Concept: Test-first Design
This concept describes a technique to bring test design chronologically in-line with software design.
Relationships
Main Description

Test-first design is the practice of writing developer tests and implementation code concurrently and at a very fine level of granularity.

In test-first design, the developer first writes a small portion of a developer test, and then writes just enough implementation code to make that developer test compile and execute. Then they write a little bit more of the test and then add enough code to make that new bit compile and pass. This cycle can last somewhere between 30 seconds and five minutes. Rarely does it grow to ten minutes. In each cycle, the tests come first.

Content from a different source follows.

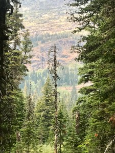 We were able to see but one active glacier – Salamander – and that was only after taking a boat across two lakes and then hiking a mile and a half. We couldn’t see the Jackson or Grinnell glaciers from any of the viewpoints because of the smothering smoke. All our photos are clouded and dulled.

Once a unit test is done, the developer goes on to the next test until there are no more tests to be written for the implementation of the work item currently under development.

The practice of test-first design changes how the developer thinks. Tests are not written as an afterthought. Instead, developer tests are written as part of the everyday, every minute way of building software.

What are the advantages of test-first design?

  1. Assumptions in the design are analyzed before the implementation code is written. To write developer tests, an examination must be made of the behavior of each piece of code to be written, correct and incorrect behaviors must be defined. In a way, writing the tests before the code can be considered a version of detailed design.
  2. Code units designed for testability up front are cleaner and more loosely coupled.
  3. Errors are found earlier. Errors or gaps in the requirements and design are identified before coding begins when it could be more tempting to move ahead based on assumptions.
  4. A clearer collaboration strategy between the developer and others that might be responsible for the requirements, architecture, and design is put in place. During the creation of the tests, there must be a meeting of the minds as to what has been specified. After that, the implementation can carry on with confidence that there is a shared vision of what the code should do.
  5. There are unambiguous criteria for completion of the code. When the tests pass, the code is working as specified. Non-functional quality dimensions can be dealt with separately, but there is a clear moment when the code behaves correctly.
  6. The technique drives the developer to work in smaller increments with faster quality feedback. At any time the developer is just one test away from having error-free code.
  7. There is a separation of concerns and effort between getting code working and improving the quality of the code that already runs correctly. Separating out these two areas of concern provides focus and time management support to a developer who in one pass over the implementation makes it pass the tests as simply as possible and then in a subsequent pass, looks for areas to improve.